Lady Macbeth is one feisty character. She does not wait for things to fall into her lap, she takes matters into her own hands. She makes things happen. She knows what she wants and how to get it- at all cost. She is a very exciting character, very ambitious, ruthless and her morality leaves a lot to be desired. She did not think twice about plotting to murder King Duncan. She persuaded her husband to murder King Duncan by continuously questioning his manhood and capabilities, “Art thou afeard. To be the same in thine own act and valour. As thou art in desire? (Macbeth, I, vii)”.
Her husband hesitated numerous times and almost did not push through with the plan but Lady Macbeth steely determination abets him to continue with the plan to commit crime. Sparknotes believes that Shakespeare uses the women to push Macbeth “undaunted mettle should compose / Nothing but males” (I.vii.73–74).

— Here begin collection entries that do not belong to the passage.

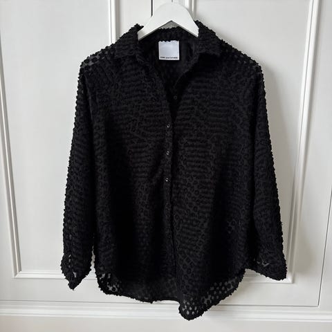 & Other Stories bluse i størrelse XL, beige farge. Laget av lett og semitransparent materiale. Har høy hals med knappelukking bak, lange ermer med mansjetter og knappelukking.
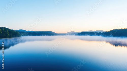© siraphol, Fototapeta premium Serene lake surface reflects early morning mist and soft light, creating tranquil atmosphere
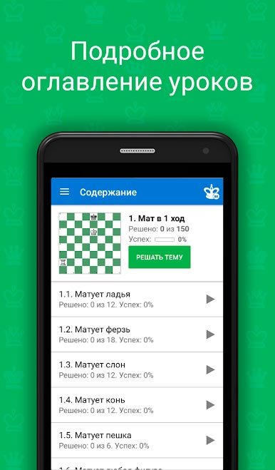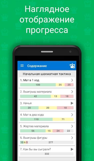 Один из самых опытных и профессиональных шахматистов написал собственную книгу, куда вошло огромное количество стратегий и планов по игре в шахматы. Таким образом, игрок в Шахматная тактика для начинающих сможет пройти целый курс эффективных тренировок, где можно обучиться самым крутым комбинациям. На данный момент этот бестселлер книги был продан в более чем двухсот тысячном экземпляре, а вы можете пройти его прямо со своего мобильного. Этот курс будет очень полезным для начинающих шахматистов, которые узнают про основы такой игры и смогут обучиться более чем тысячам разным упражнениям. Будьте уверены что лучшей тактической игры вы не найдете, тем более она создана по рекомендации лучшего игрока. Шахматная тактика для начинающих будет полезно и для тех, кто уже имеет играть в шахматы. Такие люди смогут отработать в процессе мастерство и обучатся огромному количеству новых методик. Улучшайте собственный уровень и наслаждайтесь качеством сделанного геймплея.Шахматная тактика для начинающих поможет изучить игру
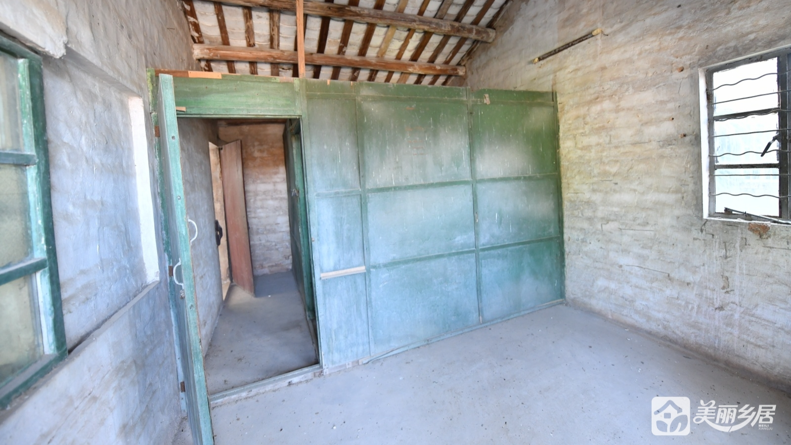 内部与细节:室内空旷简陋;左侧有一扇绿色边框木窗,与敞开的绿色隔板门相通,门板老旧、把手简单。
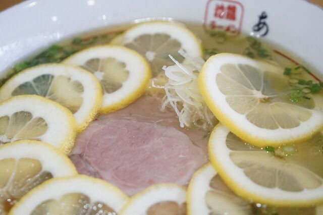 福島県郡山市昭和の、ありがとうさん。接客も雰囲気も、最高でした。お目当ては、塩レモンラーメン。ビールもお願いしたら、キムチかしなちくが付くそうです。塩レモンラーメンも到着。レモンはずっと入れていると、苦みが出るそうです。手早くレモンの風味を映して・・・期待通りのさわやかさ。麺も美味しいです。久しぶりに、スープまで完食。ご馳走様でした。美味しかったです。
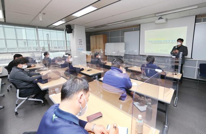 서울 금천구가 18일 대형공사장 현장소장 및 감리단장 20명을 대상으로 ‘건축공사장 품질 및 안전관리 교육’을 실시했으며, 광주시 아파트공사 외벽붕괴사고 관련 겨울철 콘크리트 등 습식공사 품질관리에 대해 강조했다. 사진은 이날 건축공사장 품질 및 안전관리 교육이 진행되고 있는 모습. (사진제공=금천구청)
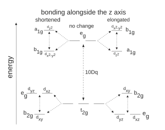 W przypadku kompleksu o konfiguracji d9, np. heksakwamiedzi(II), pojawiają się trzy elektrony na poziomie energetycznym eg. Zgodnie z twierdzeniem Jahna-Tellera dochodzi do rozszczepienia orbitali o symetrii eg i deformacji kompleksu. Zazwyczaj deformacja w tym kompleksie zachodzi w stronę oktaedru wydłużonego wzdłuż osi S4[4], orbitalem o niższej energii staje się orbital a1g (tworzony przez orbital atomowy dz²), który zostaje podwójnie obsadzony, kosztem jednego elektronu obsadzającego poziom b1g o wyższej energii. Efektywnie energia układu zostaje obniżona, ponieważ rozszczepienie energetyczne obydwu poziomów a1g i b1g zachodzi w tym samym stopniu, a podwójnie obsadzony zostaje orbital o energii niższej. Takie odkształcenie, wbrew pozorom, prowadzi do obniżenia energii elektronowej i stanowi dodatkową stabilizację kompleksu. W skrajnym przypadku kompleks może przyjąć nawet symetrię płaską kwadratową. Dzieje się tak, gdy ligandy związane wzdłuż osi S4 zostają odsunięte na nieskończenie dużą odległość od atomu centralnego.
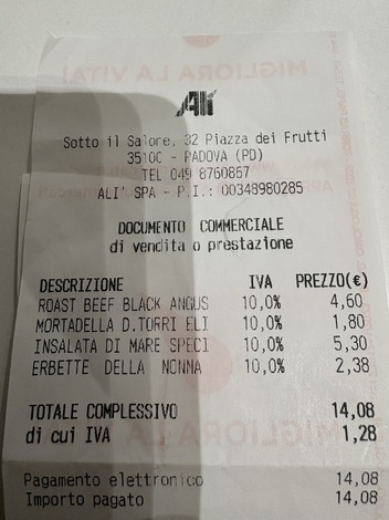 え?たったの100g?と言うような顔をされたのに、モルタデッラもウネット、海鮮サラダもウネット、と注文していたら、野菜のときには、こちらがエルベッテ・デッラ・ノンナまで行ったら、店のオニイサンにウネットと言われてしまいました。
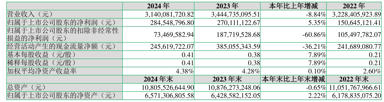 其2024年全年营业收入便已经下降至31.40亿元,同比下滑8.84%。更为严峻的是,代表主业真实盈利能力的扣除非经常性损益的净利润,从2023年的1.88亿元断崖式下跌至2024年的7347万元,降幅高达60.86%。
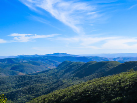 A serene landscape of rolling hills and mountains covered in lush green forests under a blue sky
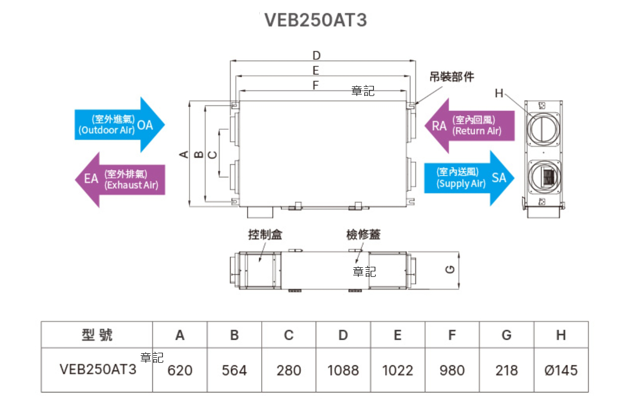 台達(DELTA)直流變頻全熱交換器 VEB250AT3 尺寸圖
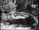 Dirt road from Potato Hollow to Kolob Creek with a small green fir tree uprooted and pushed off road. ; ZION Museum and Archives Image 101_02_003 ; ZION 8291
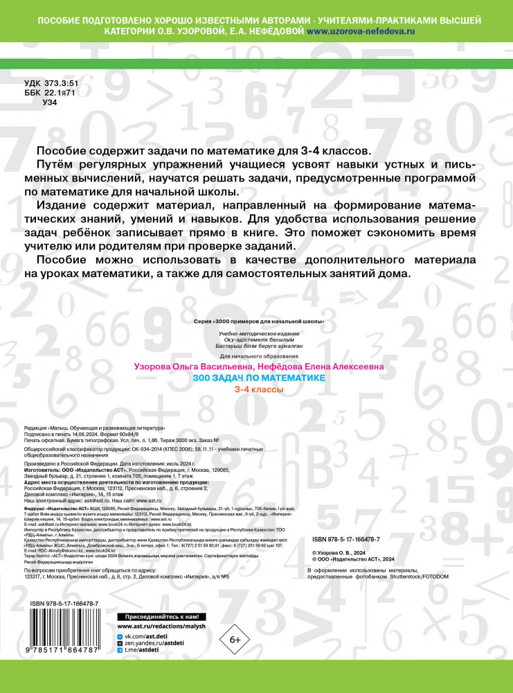 300 задач по математике. 3-4 классОльга Васильевна Узорова, Елена Алексеевна Нефедова -25% +11
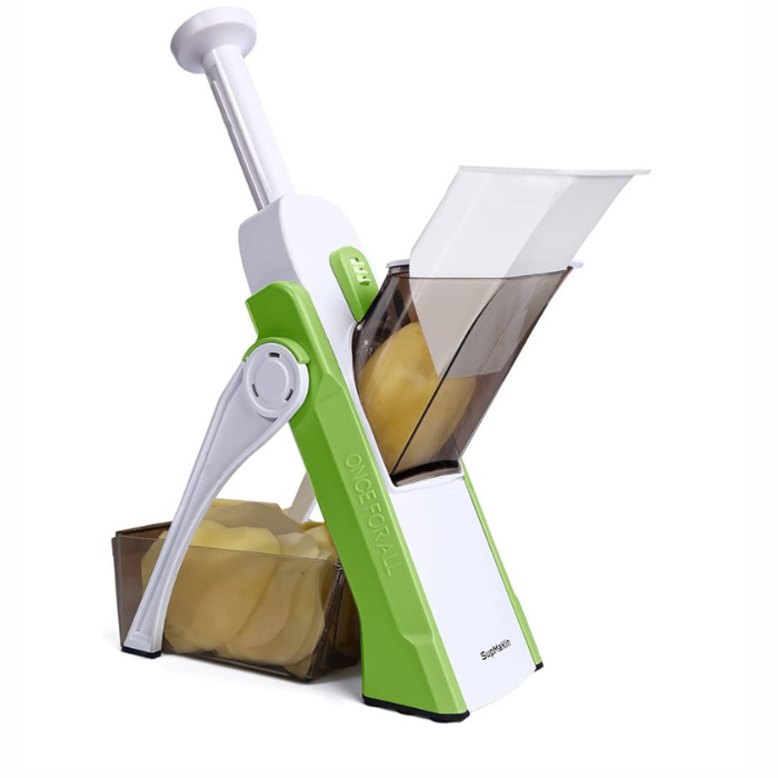 Cortador Fatiador Mandoline Multifuncional com 5 funções para cortar batatas, legumes e vegetais. Feito de plástico e aço inoxidável, este utensílio de cozinha irá facilitar a sua vida!
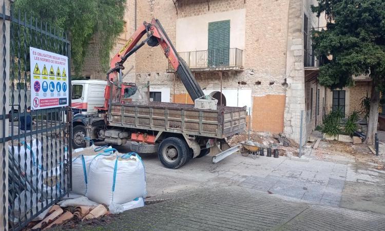 Després que el PSOE denunciàs que les obres estaven paralitzades des de fa un mes, aquesta setmana s’han tornat a reprendre i els operaris dimarts posaven una solera de formigó en una de les sales que s’està reformant. No obstant això, l’equip de govern encara no s’ha reunit amb la direcció tècnica de l’obra, el gabinet d’arquitectes de Madrid, Hijona Ravski, qui guanyà el concurs de rehabilitació de l’edifici municipal. Per tant, a l’espera d’una reunió amb els arquitectes i els tècnics municipals, «després prendrem una decisió de com procedir, perquè al setembre ha d’estar acabat sigui com sigui», recordà el batle.
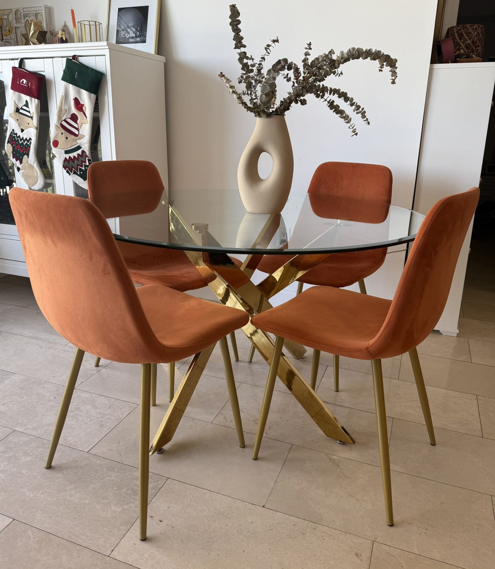 4 Gold Terra / Orange Velvet Dining Chairs – Modern – Great Condition
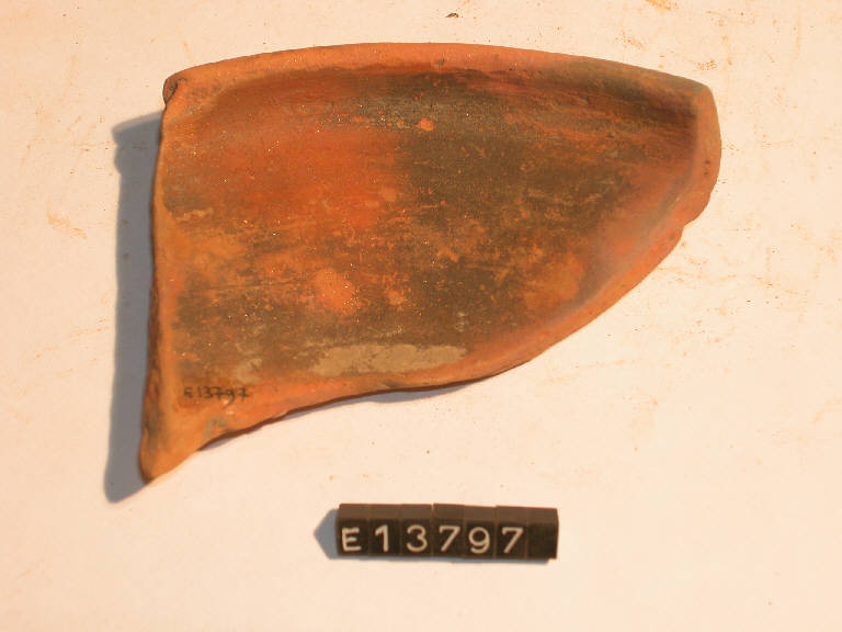 Frammento di orlo e parete di patera con labbro verticale assottigliato e tracce di dipintura sia interna che esterna.

After the murder occurred, Lady Macbeth changes for the worst. Ambition blinded her before the murder but guilt defeated her after. She may be too ambitious but still her conscience bothers her. “A little water clears us of this deed: How easy is it, then!
(Macbeth, II, ii). Her life and her sanity slowly fall apart. Lady Macbeth’s guilt leads to her untimely demise as she commits suicide. A very tragic end triggered by one tragic night.